Kematian Raya (4), balita asal Sukabumi, Jawa Barat, semula dikaitkan dengan cacingan. Kabar tentang ditemukannya cacing dalam jumlah besar di tubuhnya membuat masyarakat geger. 

Raya mengembuskan napas terakhirnya pada 22 Juli 2025. Irfan dari bagian Humas Rumah Sakit Umum Daerah (RSUD) Syamsudin, Kota Sukabumi menjelaskan, kematian Raya bukanlah infeksi cacing semata, melainkan sepsis atau infeksi berat yang dipicu oleh malnutrisi, stunting, dan meningitis tuberkulosis. 

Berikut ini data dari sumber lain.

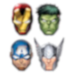 6 Masken, die Hulk Thor, Captain America und Iron Man darstellen. Verwenden Sie diese, damit sich die Partygäste als Ihre Lieblingshelden verkleiden können. Die Masken bestehen aus Papier und werden mit einem Gummiband befestigt.

Cacingan yang Diikuti Masalah Kesehatan Lain

Ketua Program Studi Profesi Dokter Universitas Muhammadiyah Surakarta (UMS) dr. Iin Novita Nurhidayati Mahmuda, M.Sc., Sp.PD. menilai kematian Raya mencerminkan tumpang tindih masalah kesehatan yang sering tak tertangani sejak awal.

“Bukan cacingan. Dalam kasus Raya, yang membuat ia tidak tertolong adalah sepsis, infeksi berat yang sudah mengenai berbagai organ tubuh,” terang Iin melalui Zoom, Rabu (3/9/2025).

Berdasarkan penjelasan Iin, cacingan memang penyakit yang umum di Indonesia. Anak-anak seperti Raya yang tinggal di lingkungan padat, kumuh, dan minim sanitasi sangat rentan mengalaminya. Kisah pilu ini sekaligus menyingkap kerentanan keluarga ekonomi kelas bawah yang harus hidup di lingkungan tak sehat, minim gizi, dan jauh dari akses kesehatan memadai. 

Cacingan umumnya merupakan kondisi yang mudah diobati. “Kalau anak gizinya cukup dan segera diberi obat, cacingan relatif tidak berbahaya. Masalah muncul saat anak seperti Raya sudah malnutrisi dan menderita infeksi lain,” papar dokter spesialis penyakit dalam Rumah Sakit PKU Muhammadiyah Surakarta itu.

Dilaporkan dari berbagai sumber, keluarga Raya hidup dalam situasi yang serba sulit. Ibunya mengalami gangguan jiwa (ODGJ), sementara ayahnya menderita tuberkulosis (TBC). Kondisi ekonomi rendah membuat kebutuhan gizi bocah malang tersebut tak terpenuhi. Lingkungan rumah pun tidak layak huni.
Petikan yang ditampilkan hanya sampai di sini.